25. Februar 2017 @ 15:54
Ja, es ist furchtbar, was die EU und der IWF in GR anrichten. Man darf nur nicht darüber hinwegsehen, dass die griechische Regierung dabei kräftig mitwirkt, ihr eigenes Volk an das neoliberale Globalisten-Pack zu verraten. Genau wie es in allen anderen EU-Ländern auch der Fall ist. Deshalb ist es auch vernünftig, ein Ende dieses Projekts zu fordern. Denn in diesem Zustand und mit den gleichen „Eliten“ ist die EU auch absolut nicht reformierbar.
kaush
25. Februar 2017 @ 13:57
Diese „Vorwürfe“ sind schlicht eine Beschreibung der EU-Realität.
Peter Nemschak
26. Februar 2017 @ 10:31
Die „Vorwürfe“ beschreiben die Realität in den Mitgliedsstaaten.
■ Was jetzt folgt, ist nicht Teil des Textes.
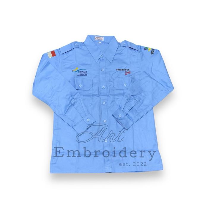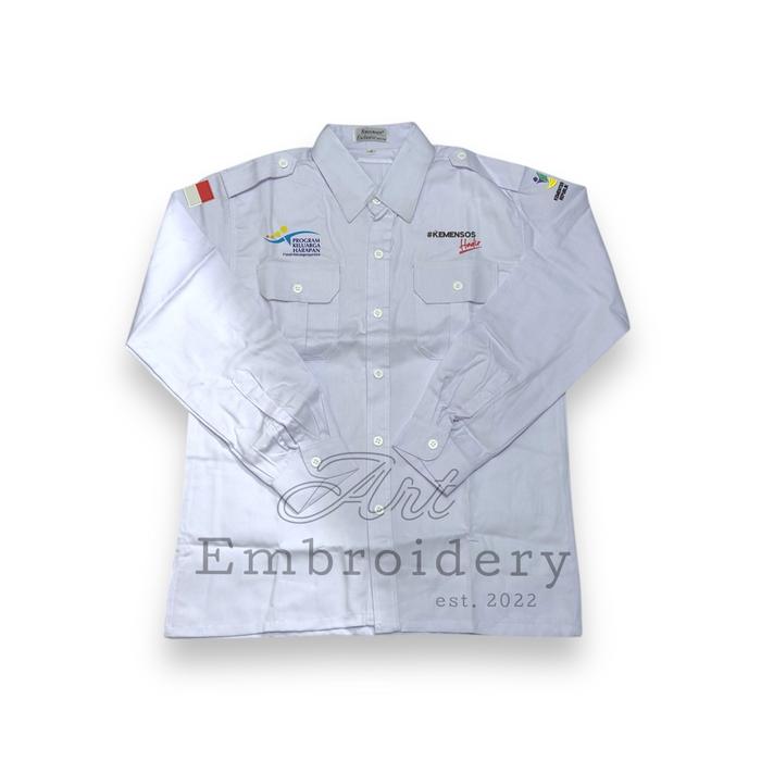 Kemeja Kemensos Hadir Full Bordir Komputer Pria - Wanita Panjang Bahan American drill
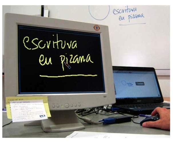 作为一个特殊功能, 该投影仪提供双笔选项, 允许两个学生同时在图像上与同一个图像进行交互, 每个人都拿着他的铅笔.

Frankreich hat sich, als der Kommunismus fiel und die Wiedervereinigung Deutschlands erfolgte, eine andere, glorreichere Rolle in Europa vorgestellt, als das Land heute zu spielen im Stande ist. Daran würde auch ein zweiter Flugzeugträger, wie ihn Le Pen sich für Frankreich wünscht, nichts ändern. Frankreich leidet an verletztem Selbstwertgefühl und mit ihm seine Intellektuellen. Dass Deutschland die EU und den Euro besser als andere für sich zu nutzen verstand, erzeugt Neid und Missgunst bei dem, der gerne die erste Rolle gespielt hätte und nunmehr die zweite spielen muss. Individuelles und kollektives Selbstwertgefühl sind prekär und verletzlich. Der EU fehlt das für die Rolle einer Weltmacht notwendige Selbstbewusstsein: „so bin ich, so will ich, so ist es“. Sie vermittelt nicht den Eindruck des „the eagle has landed“, Welt sieh zu, wie du damit fertig wirst. Eine andere Art narrzistischer Störung, ein übersteigertes Selbstbewusstsein, kann man derzeit in den USA bei Trump und seinen Anhängern beobachten. Das tut weder dem Land noch der Welt gut. Gefragt wäre ein Wissen, das fächerübergreifend politikwissenschaftliches und medizinisches Wissen vereint. Die Sozialpsychiatrie, so ferne es sie überhaupt gibt, dürfte noch in den Kinderschuhen stecken, weil bei den Herrschenden die Einsicht in ihre Notwendigkeit fehlt.
Peter Nemschak
25. Februar 2017 @ 13:56
Fillon wäre durchaus in der Lage, Frankreich zu entbürokratisieren und wirtschaftlich fitter zu machen. Le Pen würde hingegen das Land abwirtschaften. Nur sind ihre Wähler zu dumm, um es zu merken oder ist es ihnen gar egal.. Auch viele Trump-Wähler haben gegen ihre wirtschaftlichen Interessen gewählt. Offenbar geht es bei den Leuten primär um nationale Identität und Nationalstolz oder was immer sie darunter verstehen. Der Trend geht derzeit weltweit gegen transnationale Solidarisierung. Europa ist dabei keine Ausnahme. Dass Kapital nach Deutschland fließt und die Zinsen drückt, hat damit zu tun, dass die Investoren mehr Vertrauen in die deutsche als in die französische Wirtschaftspolitik haben. Da werden wohl die Linken und die Bürgerlichen in Frankreich über ihren Schatten springen und sich gegen Le Pen zu einem Zweckbündnis zusammenschließen müssen, auch wenn es den linken Intellektuellen.Frankreichs ein Gräuel ist.
hintermbusch
26. Februar 2017 @ 16:16
„Auch viele Trump-Wähler haben gegen ihre wirtschaftlichen Interessen gewählt.“
Darüber kann und muss man streiten. Man konnte in den letzten Jahren sogar an der Lebenserwartung mancher Teile der US-Bevölkerung ablesen, dass es ihnen seit längerem miserabel geht.
https://hintermbusch.wordpress.com/2016/11/06/das-amerika-von-trump/
Das war das Ergebnis der Politik von Reagan, Clintons, der Bushs und Obamas. Ob Trump etwas daran ändert, steht ganz und gar in den Sternen, der Handlungsbedarf ist aber in den USA so offensichtlich wie in der Sowjetunion der 70er und 80er Jahre. Diese angeblich so objektiven wirtschaftlichen Interessen haben sich zu so etwas wie einer Möhre vor der Nase eines Esels entwickelt, der nicht zu seinem eigenen Vorteil durch die Welt dirigiert wird:
https://hintermbusch.wordpress.com/2016/10/28/warum-sind-die-amerikaner-sauer/
Diese Möhre hat übrigens die angeblich so erfolgreichen Deutschen am meisten in die Irre geführt. Statt Kinder groß zu ziehen, haben wir unsere gesamte Gesellschaft dem kurzfristigen wirtschaftlichen Denken geopfert. Die einfachen Schichten haben sich für zu wenig Lohn ausbeuten lassen, die Mittelschichten haben sinnlos Geld verdient und in sinnlose Anlagen gesteckt. Es ist mit Verlusten verbunden, aus diesem Unsinn auszusteigen, aber wer nicht aussteigt, wird am Schluss am Dümmsten dastehen. Es handelt sich um eine klassisches Schneeballsystem.